Fundamentals of Statistics 15-Time-Series Analysis
Time-SeriesAnalysis is the process of breaking down the original sales into four parts to look at-trend, cycle, period, and instability-and then synthesizing these factors to come up with a sales forecast. The emphasis is on extracting image-related features and analyzing the process of change and scale of development through continuous remote sensing observation of an area over a certain period of time. Of course, it is first necessary to determine the period of remote sensing monitoring according to the time-phase change characteristics of the detection object, so as to select the appropriate remote sensing data.
For example, rainfall:
If a set of time series meets the following conditions:
then it is called white noise.
In particular, it becomes Gaussian white noise if it obeys a normal distribution with zero mean and finite variance.

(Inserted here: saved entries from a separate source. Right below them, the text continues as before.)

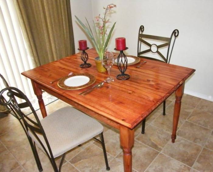 Сосна является мягкой древесиной и не должна применяться в столах, на которые предполагается ставить что-то горячее, а также в комнатах с повышенной температурой, слабой вентиляцией, возле обогревателей или батарей.
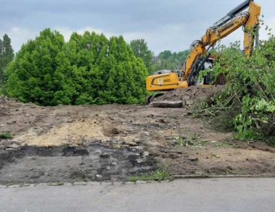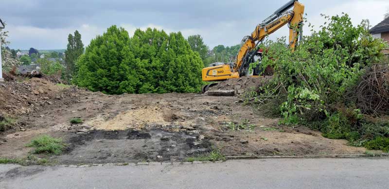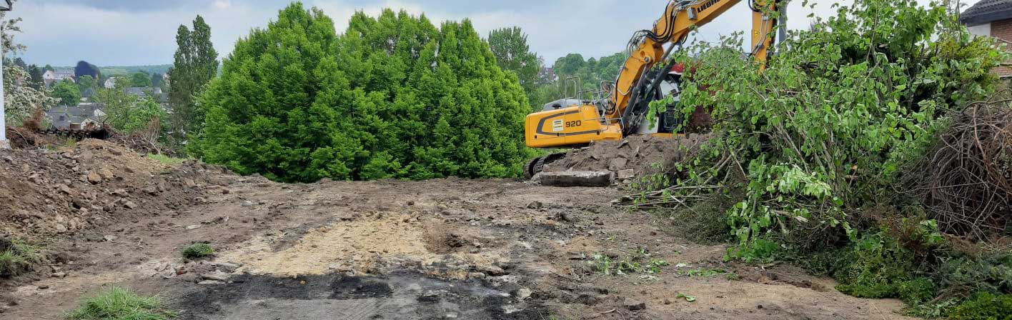 Im Rahmen der Baufeldräumung bietet Möller GmbH Garten- & Landschaftsbau u. a. Baumfällungen, die Rodung von Bäumen und Sträuchern und das Ausfräsen der Stubben an.
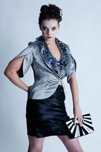 (27) Silver detail collar Top and Black exquisite pencil Skirt
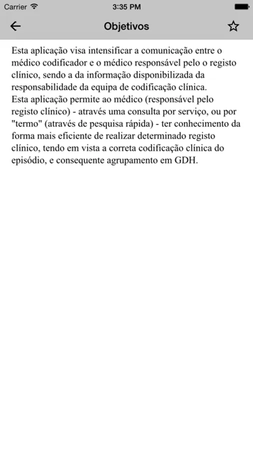 O objetivo desta aplicação é intensificar a comunicação entre o médico codificador e o médico responsável pelo registo clínico, sendo a informação disponibilizada da responsabilidade da equipa de codificação clínica.
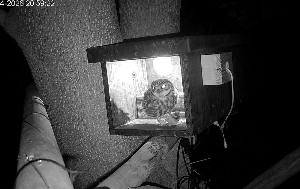 Vrouw is nog niet aan het broeden, deze avond is het druk voor de nestkast.

In time series models, we generally decompose the data into parts that can be fitted (or predicted), plus there is randomness caused by white noise.
How much of the object under study:
Statistical properties of the series:
Influences on the time series:
Superposition of influences:
What are the elements of time series analysis?
Time series are suitable for graphical representation: numerical axis, time axis.
The forecasting object, the forecasting target and the influencing factors on the forecasting are regarded as having a time sequence, as a function of time, and the time series method is to study the forecasting object’s own change process and development trend. According to the causal relationship between the forecast object and the influencing factors and their degree of influence to project the future. There are many factors related to the target, only those with a strong causal relationship can be selected for the prediction of the impact of the factors.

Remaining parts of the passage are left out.